What is needed -
Under this line is a listing; return exactly the lines starting at the one with "معلقه بوهو ستايل" and running down to the one with "11月30日 (sun) @SOUND", and leave out its pictures.

Data for analysis -
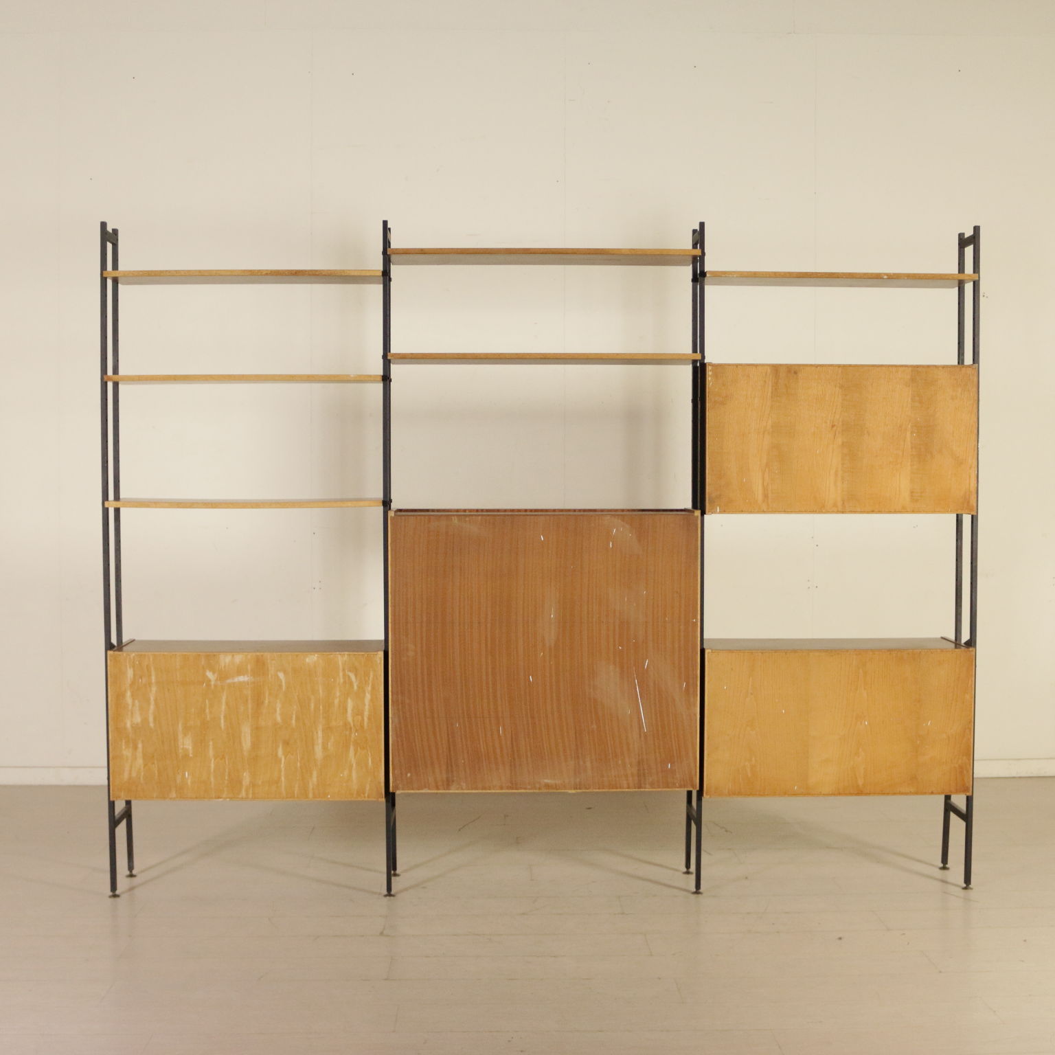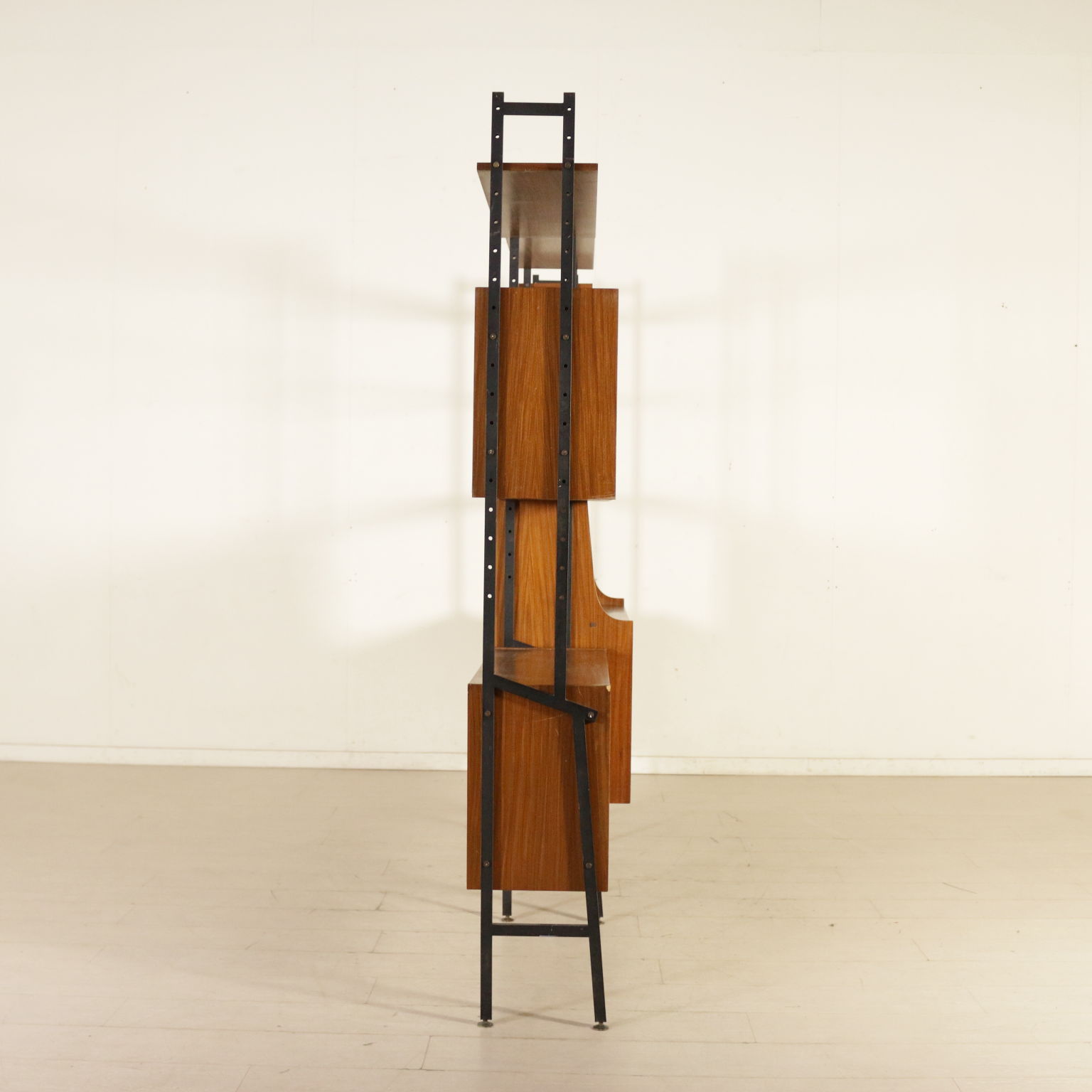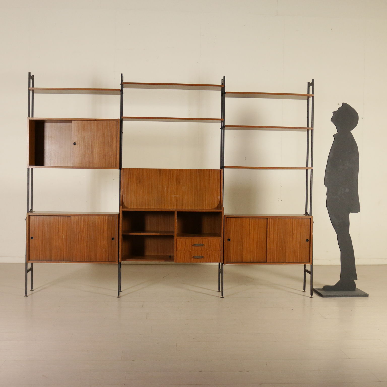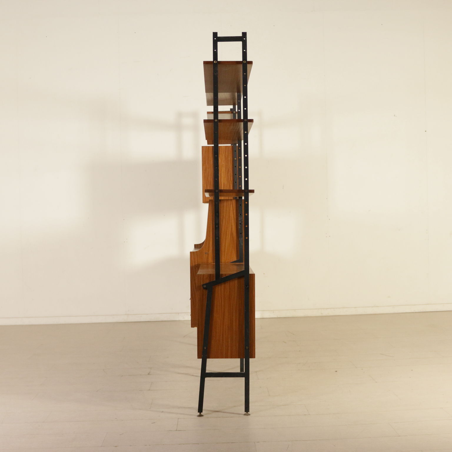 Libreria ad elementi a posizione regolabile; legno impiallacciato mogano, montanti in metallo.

---

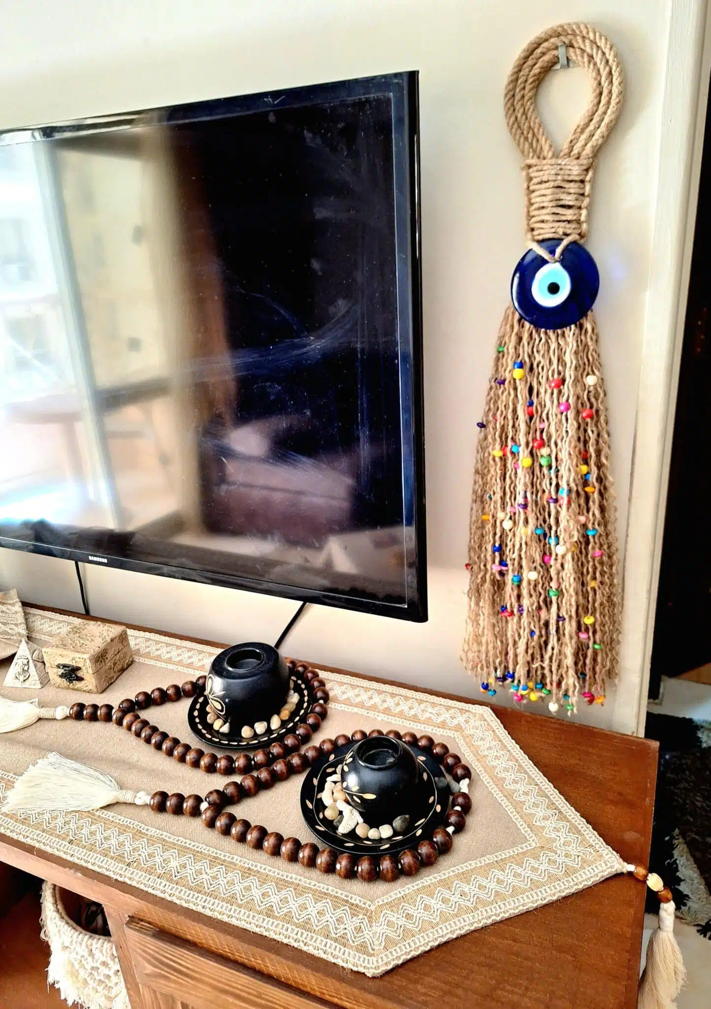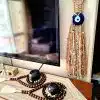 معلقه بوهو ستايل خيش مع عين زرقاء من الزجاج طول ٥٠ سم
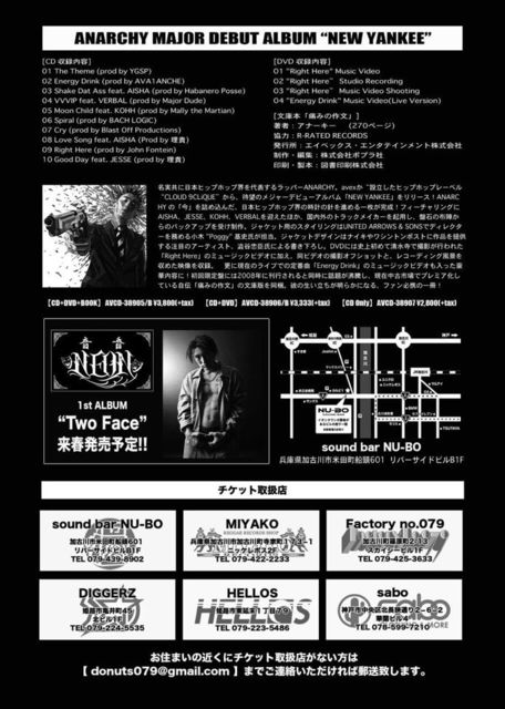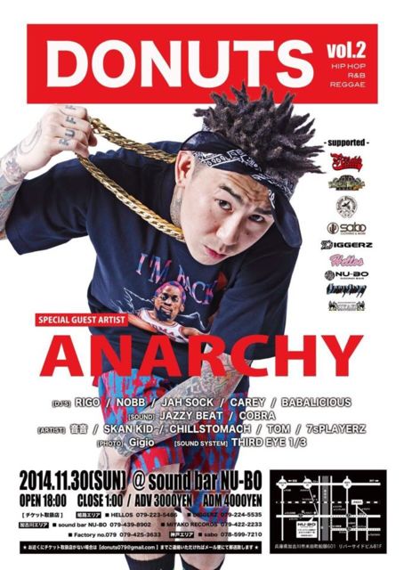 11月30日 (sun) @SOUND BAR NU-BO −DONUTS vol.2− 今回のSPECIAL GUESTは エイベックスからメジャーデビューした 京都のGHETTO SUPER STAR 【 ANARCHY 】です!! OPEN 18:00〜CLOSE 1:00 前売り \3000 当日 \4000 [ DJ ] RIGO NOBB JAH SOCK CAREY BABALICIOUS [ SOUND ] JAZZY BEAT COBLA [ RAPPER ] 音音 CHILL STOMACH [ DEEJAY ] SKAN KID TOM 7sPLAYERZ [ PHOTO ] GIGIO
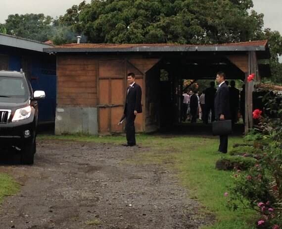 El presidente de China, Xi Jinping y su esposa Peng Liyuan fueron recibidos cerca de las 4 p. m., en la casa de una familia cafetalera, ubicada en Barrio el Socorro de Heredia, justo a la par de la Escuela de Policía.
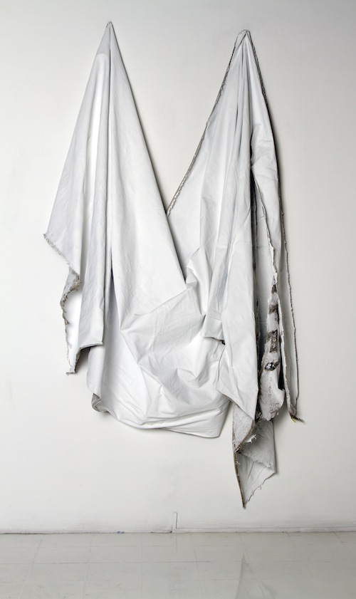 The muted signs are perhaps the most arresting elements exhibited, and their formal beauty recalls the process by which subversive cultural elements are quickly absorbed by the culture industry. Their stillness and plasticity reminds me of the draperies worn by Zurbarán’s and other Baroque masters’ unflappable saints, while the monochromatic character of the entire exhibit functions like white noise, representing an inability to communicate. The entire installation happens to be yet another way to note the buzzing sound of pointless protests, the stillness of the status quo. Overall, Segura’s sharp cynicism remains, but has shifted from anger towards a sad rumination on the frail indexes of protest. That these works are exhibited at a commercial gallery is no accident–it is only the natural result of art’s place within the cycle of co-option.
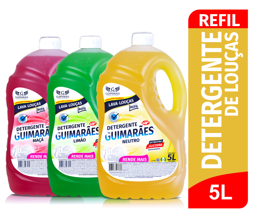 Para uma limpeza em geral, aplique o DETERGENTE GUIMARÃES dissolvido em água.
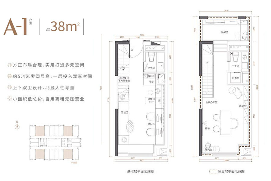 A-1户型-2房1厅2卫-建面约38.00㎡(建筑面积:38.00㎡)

Result of this task -
 معلقه بوهو ستايل خيش مع عين زرقاء من الزجاج طول ٥٠ سم
 11月30日 (sun) @SOUND BAR NU-BO −DONUTS vol.2− 今回のSPECIAL GUESTは エイベックスからメジャーデビューした 京都のGHETTO SUPER STAR 【 ANARCHY 】です!! OPEN 18:00〜CLOSE 1:00 前売り \3000 当日 \4000 [ DJ ] RIGO NOBB JAH SOCK CAREY BABALICIOUS [ SOUND ] JAZZY BEAT COBLA [ RAPPER ] 音音 CHILL STOMACH [ DEEJAY ] SKAN KID TOM 7sPLAYERZ [ PHOTO ] GIGIO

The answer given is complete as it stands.